Mastra Installation and First Agent

npm create mastra@latest
# Follow scaffold prompts: choose OpenAI or Anthropic, name your agent
cd my-mastra-app
npm run dev
// src/mastra/agents/time-agent.ts
import { Agent } from "@mastra/core/agent";
import { openai } from "@ai-sdk/openai";
import { createTool } from "@mastra/core/tools";
import { z } from "zod";

const getCurrentTime = createTool({
  id: "get_current_time",
  description: "Return the current UTC time",
  inputSchema: z.object({}),
  outputSchema: z.object({ time: z.string() }),
  execute: async () => ({ time: new Date().toISOString() }),
});

export const timeAgent = new Agent({
  name: "time_agent",
  instructions: "Answer questions helpfully and concisely.",
  model: openai("gpt-4o"),
  tools: { getCurrentTime },
});

Open http://localhost:4111 in Mastra Studio to chat with your agent, inspect tool calls, and view traces — all with zero additional configuration.


FAQ

Q: Can I use Strands Agents without an AWS account? Yes. Strands supports Anthropic, OpenAI, Gemini, Ollama, and LiteLLM as model providers — no AWS account is required. The AWS-native features (Bedrock, AgentCore, X-Ray) are optional. You can run a fully functional Strands agent locally against Ollama with no cloud dependencies.

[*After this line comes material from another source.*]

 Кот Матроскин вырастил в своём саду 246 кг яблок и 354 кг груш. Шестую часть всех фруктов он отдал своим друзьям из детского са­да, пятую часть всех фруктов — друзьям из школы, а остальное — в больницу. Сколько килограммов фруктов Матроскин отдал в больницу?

Q: Does the OpenAI Agents SDK work with non-OpenAI models? Yes. The SDK supports any provider that implements the OpenAI chat completions API format. In practice, this covers Anthropic, Gemini, and dozens of open-source models via LiteLLM. The Responses API features require OpenAI’s hosted API, but basic agent functionality works across compatible providers.

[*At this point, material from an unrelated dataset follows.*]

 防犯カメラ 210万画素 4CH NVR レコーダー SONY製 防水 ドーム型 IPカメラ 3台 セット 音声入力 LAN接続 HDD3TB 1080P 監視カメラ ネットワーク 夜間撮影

Q: Is Mastra stable enough for production in 2026? Yes. Mastra is in production at Brex, Docker, Elastic, MongoDB, Salesforce, Replit, and SoftBank as of May 2026. The Marsh McLennan deployment serves 100,000+ daily users. The Apache 2.0 license, $35M funding, and active commercial roadmap make it a low-dependency-risk choice for production TypeScript projects.

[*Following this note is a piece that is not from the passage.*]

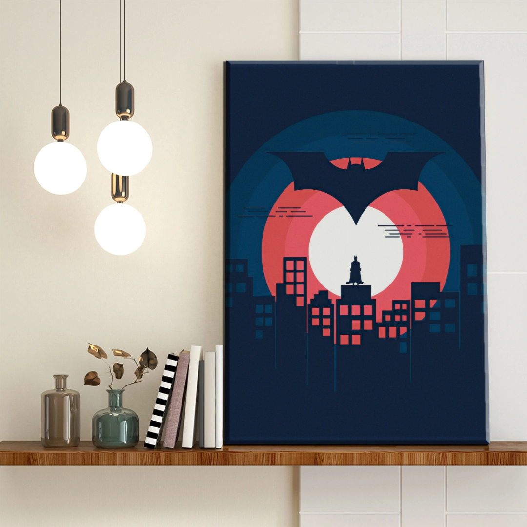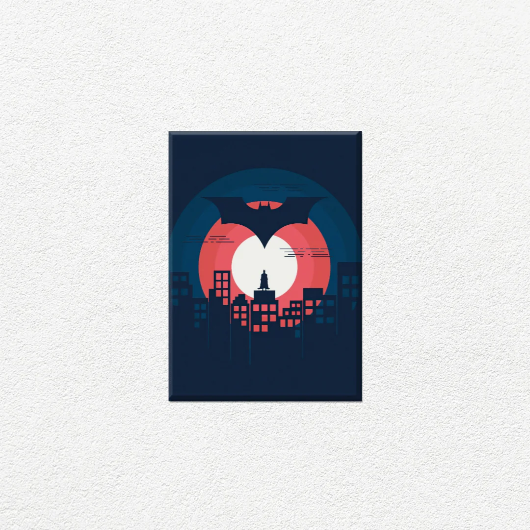 Transforma tu espacio con esta impresionante representación del Caballero de la Noche. Este cuadro decorativo captura la esencia de Batman en su rol de protector de Gotham City, con un diseño minimalista y contemporáneo que combina tonos coral, azul oscuro y detalles en blanco. La composición circular y la silueta icónica del héroe sobre los edificios crean una atmósfera nocturna llena de misterio y poder. Perfect para fanáticos del universo DC y amantes del diseño moderno, este cuadro añadirá personalidad y estilo a tu sala, oficina o habitación. La paleta de colores cálidos y fríos genera un contraste visual impactante que captura la atención inmediatamente.

Q: How does MCP support compare across the three SDKs? All three have first-party MCP support as of May 2026. Strands added MCP via MCPClient in its initial release; the OpenAI Agents SDK added MCP server support in version 0.13.4 (April 2026); Mastra shipped first-party MCP from the start. The connection pattern is similar in all three — point at an MCP server URL, list tools, pass to agent. The same MCP server fleet works with all three frameworks, so your integration investments are portable.

Q: Which SDK has the best local development experience? Mastra wins clearly. Mastra Studio (npx mastra dev) gives you a full-featured local UI with chat interface, trace viewer, workflow runner, memory inspector, and eval dashboard. Strands and the OpenAI Agents SDK both rely on terminal output and external observability tools (X-Ray, the OpenAI dashboard) for debugging. If development velocity and debugging experience matter, Mastra’s Studio cuts investigation time significantly during the build phase.